* _Data extracts_:
◆ ◆ ◆ ◆

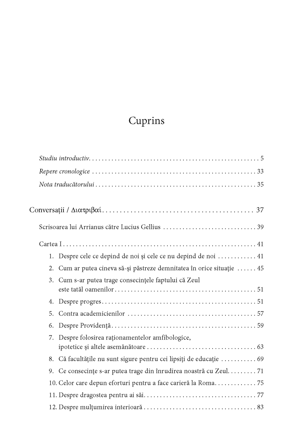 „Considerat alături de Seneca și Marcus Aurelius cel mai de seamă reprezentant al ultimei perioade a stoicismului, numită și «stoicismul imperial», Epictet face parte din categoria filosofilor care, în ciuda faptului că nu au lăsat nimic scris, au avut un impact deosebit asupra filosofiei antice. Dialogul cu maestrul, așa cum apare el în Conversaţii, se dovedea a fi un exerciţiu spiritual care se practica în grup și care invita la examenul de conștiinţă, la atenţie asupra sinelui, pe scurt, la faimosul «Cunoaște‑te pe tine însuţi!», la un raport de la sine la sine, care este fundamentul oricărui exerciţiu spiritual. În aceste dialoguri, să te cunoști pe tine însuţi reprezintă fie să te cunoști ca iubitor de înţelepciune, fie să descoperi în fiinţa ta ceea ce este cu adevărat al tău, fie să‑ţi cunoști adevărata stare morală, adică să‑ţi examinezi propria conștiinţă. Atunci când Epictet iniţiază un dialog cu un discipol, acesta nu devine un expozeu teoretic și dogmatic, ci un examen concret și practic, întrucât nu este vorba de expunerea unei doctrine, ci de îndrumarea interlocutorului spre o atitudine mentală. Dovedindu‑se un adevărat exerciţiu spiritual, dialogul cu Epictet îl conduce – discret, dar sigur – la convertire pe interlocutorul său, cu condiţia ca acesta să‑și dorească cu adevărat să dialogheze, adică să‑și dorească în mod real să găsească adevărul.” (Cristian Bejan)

◆ ◆ ◆ ◆

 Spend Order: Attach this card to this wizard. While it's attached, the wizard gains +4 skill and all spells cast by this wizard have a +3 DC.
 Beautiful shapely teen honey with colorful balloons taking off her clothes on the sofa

◆ ◆ ◆ ◆

* _Assignment_:
Taking the entries above, restate exactly those lines that fall between the line with "Spend Order: Attach" and the line with "Beautiful shapely teen", keeping both of those lines too.

* _Expected output_:
 Spend Order: Attach this card to this wizard. While it's attached, the wizard gains +4 skill and all spells cast by this wizard have a +3 DC.
 Beautiful shapely teen honey with colorful balloons taking off her clothes on the sofa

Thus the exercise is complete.